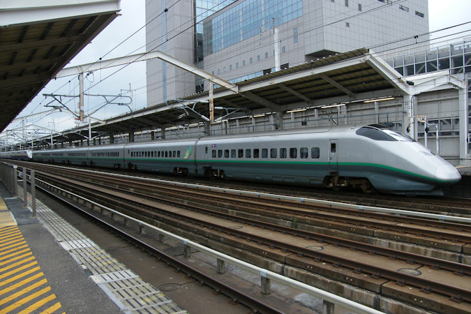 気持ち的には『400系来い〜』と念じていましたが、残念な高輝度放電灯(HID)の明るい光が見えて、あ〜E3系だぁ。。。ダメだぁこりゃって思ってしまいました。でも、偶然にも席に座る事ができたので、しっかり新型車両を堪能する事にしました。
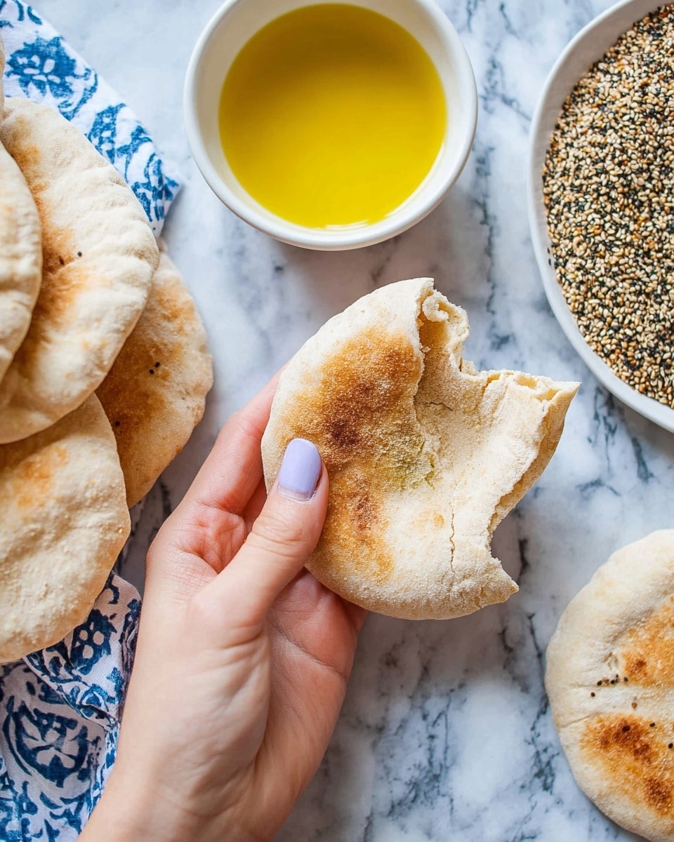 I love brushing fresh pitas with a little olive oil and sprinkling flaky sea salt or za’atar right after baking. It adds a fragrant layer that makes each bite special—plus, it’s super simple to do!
--
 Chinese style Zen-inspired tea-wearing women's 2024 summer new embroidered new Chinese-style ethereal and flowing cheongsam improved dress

> [What the task asks]
Within the entries above, give again exactly the lines starting at the one that contains "気持ち的には『400系来い〜" and ending at the one that contains "I love brushing", leaving out the pictures.

> [Response]
 気持ち的には『400系来い〜』と念じていましたが、残念な高輝度放電灯(HID)の明るい光が見えて、あ〜E3系だぁ。。。ダメだぁこりゃって思ってしまいました。でも、偶然にも席に座る事ができたので、しっかり新型車両を堪能する事にしました。
 I love brushing fresh pitas with a little olive oil and sprinkling flaky sea salt or za’atar right after baking. It adds a fragrant layer that makes each bite special—plus, it’s super simple to do!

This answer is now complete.